Currently Maine law requires all public and private schools to assure that all students have had the following immunizations, with some students exempted for medical reasons, like other diseases which could worsen because of the shots (see below)

 

•Required for kindergarten entry:

-5 DTaP (diphtheria, tetanus, acellular pertussis [whooping cough])

-4 Polio 

-4 MMR (measles, mumps, rubella [German measles])

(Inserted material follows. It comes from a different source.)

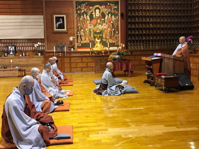 코로나19의 영향으로 최소 인원만이 참석한 가운데 삼귀의, 반야심경, 관욕, 합창, 청법가, 법문, 공지사항, 사홍서원 순으로 진행되었다.

-1 Varicella (chickenpox) or reliable history of having had the disease

•Required for 7th grade entry: 

  • 1 Tdap
  • 1 Meningococcal conjugate (MCV4)

•Required for 12 grade entry:

-2 Meningococcal conjugate vaccinations; only 1 dose, if 1st given after 16th birthday

 

The politics of it all

“Community immunity” is an important aspect of successful vaccination strategies, as is clear in population studies of epidemics in highly vs less highly immunized communities. These studies have demonstrated fewer and less extensive epidemics once vaccination rates achieve 94-96% levels, presumably because there are no longer enough unimmunized people to sustain ongoing cycles of infections. Preventing disease in 95% of individuals has the spin off benefit of decreasing disease likelihoods in the remaining unimmunized 5% once the 95% rate is achieved. That has allowed a few, <5%, not to be vaccinated for religious or medical reasons ever since these laws were established beginning in the 1940s. Back then the shots were only for diphtheria, tetanus, and whooping cough. Gradually 6 more have been added to the list, all of which have reduced greatly the incidence of these diseases. In addition, several other vaccines are now available and recommended for children for diseases that don’t cause epidemics. Examples are the pneumococcal and Hemophilus vaccines against germs that live in our respiratory tract and cause significant injury and death in children and adults from overwhelming respiratory tract infections. The same is true for hepatitis, and perhaps Rotovirus now. About 20 years ago in Maine, a third exemption option was legally added for parental “philosophical” reasons. That exempted number has grown to about 5% alone, which now, on top of the medical and religious exemptions, has put Maine over the critical 5-6% number (see bar graph below). This increase in exemptions, combined with the growing whooping cough epidemic in Maine, large national measles epidemics in the past few years, and the difficulty with defining justifiable religious exemptions have led to the new Maine law in April 2019 to eliminate all exemptions except medical ones.   

Different states have different approaches to these exemptions (see map below). Many have or are contemplating greater exemption restrictions.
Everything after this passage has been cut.